虹色の奇跡 第5回「迫り来るガーディアンズ」
「なんでもいい。命が惜しければすぐにでも学園に帰ってくるんだな。」
アスナは念話でエヴァと会話している。
そこへネギが血相を変えて帰ってきた。
「た、大変です!!海岸で感じた妙な魔力をたどったら、かなり強力な結界が…いろいろ手を尽くしたんですけど、脱出不可能です!!」
「うそ~…またなの?また悪者がこのかを狙っているってわけ…?」
「ちょっと、アスナさん。」
「あ、ゴメンこのか。」
「ええんよ。ウチだってある程度戦えるし、それにせっちゃんが守ってくれるしな。」
と、このかは刹那に寄りかかる。刹那は紅潮しながらも決意を口にする。
「も、もちろんです。命に代えてもこのちゃんを守り抜きます。」
「私だってがんばっちゃうんだから!」
刹那とアスナは意気込んだ。
そう、ネギたちは海へ遊びに行っていたのだが、敵意と悪意に満ちた異様な魔力や人の気配を感じ、ログハウスに帰って来ていた。

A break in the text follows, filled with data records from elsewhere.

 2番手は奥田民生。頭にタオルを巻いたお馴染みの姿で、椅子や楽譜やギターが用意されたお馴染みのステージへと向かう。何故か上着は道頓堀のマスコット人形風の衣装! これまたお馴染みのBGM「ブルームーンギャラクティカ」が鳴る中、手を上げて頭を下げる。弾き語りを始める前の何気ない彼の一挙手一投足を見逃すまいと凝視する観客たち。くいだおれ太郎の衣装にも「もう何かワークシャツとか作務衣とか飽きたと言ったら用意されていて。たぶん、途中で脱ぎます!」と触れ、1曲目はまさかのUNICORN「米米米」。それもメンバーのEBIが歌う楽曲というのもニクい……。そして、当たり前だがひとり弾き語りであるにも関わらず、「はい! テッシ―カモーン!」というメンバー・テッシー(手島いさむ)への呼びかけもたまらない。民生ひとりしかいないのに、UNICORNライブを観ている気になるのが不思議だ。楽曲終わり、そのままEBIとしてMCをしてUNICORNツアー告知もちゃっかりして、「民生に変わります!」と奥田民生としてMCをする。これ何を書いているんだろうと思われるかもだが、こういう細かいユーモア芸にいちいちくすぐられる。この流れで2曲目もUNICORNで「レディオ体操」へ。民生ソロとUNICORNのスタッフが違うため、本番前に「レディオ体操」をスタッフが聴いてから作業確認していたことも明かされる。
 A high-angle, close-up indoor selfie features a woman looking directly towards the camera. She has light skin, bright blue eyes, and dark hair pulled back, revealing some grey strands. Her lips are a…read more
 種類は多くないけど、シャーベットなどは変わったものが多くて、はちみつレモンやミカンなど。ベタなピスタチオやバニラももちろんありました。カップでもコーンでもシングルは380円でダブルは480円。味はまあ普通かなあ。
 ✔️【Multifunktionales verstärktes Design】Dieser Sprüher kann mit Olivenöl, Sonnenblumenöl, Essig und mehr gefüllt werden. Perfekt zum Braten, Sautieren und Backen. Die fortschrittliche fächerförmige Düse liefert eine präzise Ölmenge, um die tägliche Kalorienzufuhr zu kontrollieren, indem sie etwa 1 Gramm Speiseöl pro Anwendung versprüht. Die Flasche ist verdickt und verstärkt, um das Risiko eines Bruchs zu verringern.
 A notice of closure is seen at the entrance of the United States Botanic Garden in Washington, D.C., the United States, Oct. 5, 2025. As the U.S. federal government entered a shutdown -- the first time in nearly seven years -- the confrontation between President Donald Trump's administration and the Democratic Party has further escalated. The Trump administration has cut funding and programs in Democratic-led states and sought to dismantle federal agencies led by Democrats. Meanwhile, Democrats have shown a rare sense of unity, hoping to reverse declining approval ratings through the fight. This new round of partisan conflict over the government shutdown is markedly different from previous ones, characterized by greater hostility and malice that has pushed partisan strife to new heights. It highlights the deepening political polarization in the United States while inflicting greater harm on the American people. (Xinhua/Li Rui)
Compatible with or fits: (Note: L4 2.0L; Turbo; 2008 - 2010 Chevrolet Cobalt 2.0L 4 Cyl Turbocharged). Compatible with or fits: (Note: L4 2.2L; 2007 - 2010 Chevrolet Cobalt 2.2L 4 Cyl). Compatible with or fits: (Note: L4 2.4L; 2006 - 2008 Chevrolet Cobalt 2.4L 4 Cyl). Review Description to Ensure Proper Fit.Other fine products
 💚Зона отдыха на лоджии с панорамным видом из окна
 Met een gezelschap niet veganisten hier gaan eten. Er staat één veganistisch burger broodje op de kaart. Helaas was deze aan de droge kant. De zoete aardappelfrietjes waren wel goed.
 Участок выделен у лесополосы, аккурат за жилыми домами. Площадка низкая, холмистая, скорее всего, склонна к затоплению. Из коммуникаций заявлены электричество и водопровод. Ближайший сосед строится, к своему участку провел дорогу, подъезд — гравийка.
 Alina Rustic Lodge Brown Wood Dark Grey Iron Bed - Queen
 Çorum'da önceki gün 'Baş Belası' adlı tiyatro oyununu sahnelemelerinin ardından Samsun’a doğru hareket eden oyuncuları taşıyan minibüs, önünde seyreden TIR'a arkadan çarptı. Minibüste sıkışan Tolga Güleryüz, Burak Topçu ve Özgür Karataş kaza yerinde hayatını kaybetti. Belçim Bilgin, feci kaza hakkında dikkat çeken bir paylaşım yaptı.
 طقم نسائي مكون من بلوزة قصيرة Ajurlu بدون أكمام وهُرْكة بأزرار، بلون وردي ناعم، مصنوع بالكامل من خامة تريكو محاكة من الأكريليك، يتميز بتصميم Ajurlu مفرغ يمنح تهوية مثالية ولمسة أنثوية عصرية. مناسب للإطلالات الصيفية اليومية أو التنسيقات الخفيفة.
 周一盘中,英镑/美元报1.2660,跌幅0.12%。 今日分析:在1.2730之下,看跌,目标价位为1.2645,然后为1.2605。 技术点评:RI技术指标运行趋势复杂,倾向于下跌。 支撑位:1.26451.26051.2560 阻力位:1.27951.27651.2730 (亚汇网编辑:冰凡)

「まさかそのエリア一帯を結界で覆ってしまうとは。いいか、なんとか学園長のじじぃの力でそっちへ行ってやる。それまでは持たせろ。敵は相当強力だぞ。関西呪術協会の端くれどもなどとは格が違う。」
エヴァの声が響く。
「分かりました。なんとかしてみせます。」
「ネギ先生!強力な魔力がこちらに近づいてきています。」
刹那が緊張した面持ちで夕凪に手をかけた。
「分かりました。みなさんとにかく山の方へ逃げましょう。幸いそちらの方には結界は張られていないようです。」
「しかし、敵の罠があるかも…」
刹那の懸念にアスナが答えた。
「でも、ここで戦闘にでもなったら、キャンプ場や関係のない利用者の人たちが巻き添えをくっちゃうわよ。」
「仕方がありませんね。では、準備を整えてここを出ましょう。」
刹那も仕方なく同意し、ネギたちは出発の準備を始めた。
必要最低限の装備を整え、いざ出発。
それから事情を知っていて、かつ腕の立つ真名と古菲も同行することに。
「さあ、いざ出発アルね!」
「今回も仕事料ははずんでもらうよ、刹那。」
「ああ、2人とも頼りにしている。」
「でも、長瀬さんがいないのは残念ね。あとあのエロオコジョも。」
アスナが苦笑いした。
「ああ、カモ君なら朝倉さんと一緒ですよ。」
とネギが説明した。
それに刹那が答える。
「仕方ありません。一応式神を飛ばして、彼女たちにも知らせるようにはしましたがね…。むっ!」
「おっと、早速おでましだよ。」
真名の言うとおり、強い邪気と敵意が迫って来た。
「みなさん、気をつけてください!相手は1人や2人ではないようで…。」
刹那が言い終わらないうちに敵が大勢現れた。しかも…
「な、なんなのこれ?」
アスナが叫ぶ。刹那は瞬時に状況を把握した。
「こ、これは結界!?し、しまった!遮断されてしまった!」
強力な結界により、ネギとアスナ、このかと刹那、真名と古菲というふうにグループが寸断されてしまった。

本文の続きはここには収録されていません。